Hello, @Witcher . I see that you've been a member for a couple of months, but why not give you a welcome?Witcher said:Homework Statement:: I haven’t done logs in a few month and let alone with parametric graphs. I am having trouble with this problem. #35
Homework Equations:: X=e^t, y=e^3t
I got stuck when i eliminated the parameter.
As I mentioned, the path you started down was fine. It makes sense to work with the logarithm rules you may currently be studying and/or those rules you are most familiar with.Witcher said:I get it now but it wasn’t easy, my instinct was to Ln both sides when i seen the e.
Thanks.
A parametric natural log graph is a type of graph that plots a logarithmic function against a parameter. In other words, both the x and y axes are determined by a single variable, rather than just the x-axis in a traditional graph. It is commonly used in scientific and mathematical analysis to show the relationship between two variables on a logarithmic scale.

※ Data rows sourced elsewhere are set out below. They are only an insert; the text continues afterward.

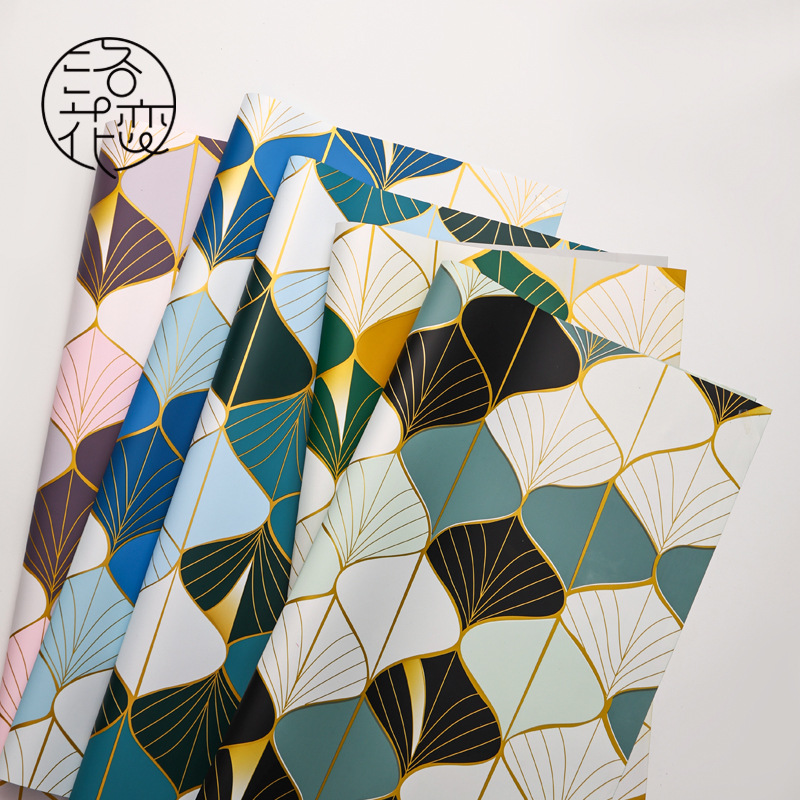 包花纸金色弧扇立体纸防水加厚花艺鲜花礼品包装纸花束压纹纸打包
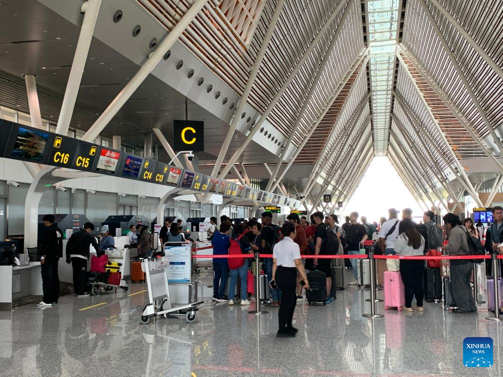 Passageiros em fila para fazer o check-in no Aeroporto Internacional de Siem Reap-Angkor, na província de Siem Reap, Camboja, em 16 de outubro de 2025. O Aeroporto Internacional Siem Reap-Angkor (SAI), com investimento chinês, comemorou na quinta-feira o segundo aniversário de suas operações. (Foto por Van Pov/Xinhua)
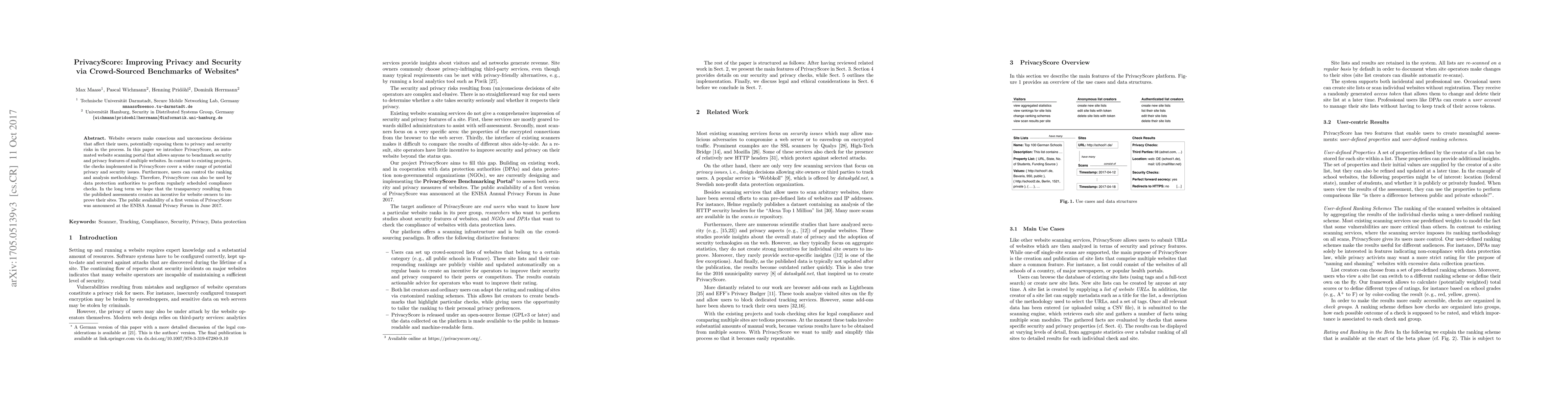 Researchers introduced PrivacyScore, a crowd-sourced website scanning portal that assesses security and privacy features of multiple websites, aiming to improve transparency and encourage website owners to enhance their sites.

To create a parametric natural log graph, you will first need to determine the logarithmic function that you want to plot. Then, choose a range of values for your parameter and calculate the corresponding x and y values for each point on the graph. Finally, plot these points on a graph with a logarithmic scale for the y-axis.

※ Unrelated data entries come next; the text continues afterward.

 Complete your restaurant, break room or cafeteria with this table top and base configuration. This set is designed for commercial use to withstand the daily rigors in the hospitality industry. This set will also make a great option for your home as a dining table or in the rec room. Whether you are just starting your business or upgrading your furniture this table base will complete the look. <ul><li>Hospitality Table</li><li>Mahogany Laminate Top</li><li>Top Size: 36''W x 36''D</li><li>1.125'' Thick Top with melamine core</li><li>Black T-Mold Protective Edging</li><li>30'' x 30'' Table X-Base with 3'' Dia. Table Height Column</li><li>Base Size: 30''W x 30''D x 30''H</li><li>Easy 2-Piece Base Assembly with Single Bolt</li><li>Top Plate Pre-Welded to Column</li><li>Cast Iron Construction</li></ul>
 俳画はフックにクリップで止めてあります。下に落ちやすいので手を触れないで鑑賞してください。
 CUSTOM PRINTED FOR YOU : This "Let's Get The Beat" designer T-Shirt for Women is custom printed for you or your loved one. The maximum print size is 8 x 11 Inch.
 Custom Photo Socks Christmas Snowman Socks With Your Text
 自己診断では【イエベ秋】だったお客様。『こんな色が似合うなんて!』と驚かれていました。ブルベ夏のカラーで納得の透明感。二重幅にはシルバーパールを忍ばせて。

One of the main advantages of using a parametric natural log graph is that it allows you to easily visualize and analyze the relationship between two variables on a logarithmic scale. This can be especially useful when dealing with large ranges of values, as it allows for better comparison and identification of patterns.
A parametric natural log graph is best used when representing data that follows a logarithmic relationship. This can include data that exhibits exponential growth or decay, such as population growth, disease spread, or radioactive decay. It can also be useful for representing data with a large range of values, as mentioned previously.
While parametric natural log graphs are commonly used in scientific and mathematical analysis, they can also be used for non-scientific data. For example, they can be used to plot financial data, such as stock prices, that may follow a logarithmic pattern. However, it is important to ensure that a logarithmic relationship actually exists in the data before using this type of graph.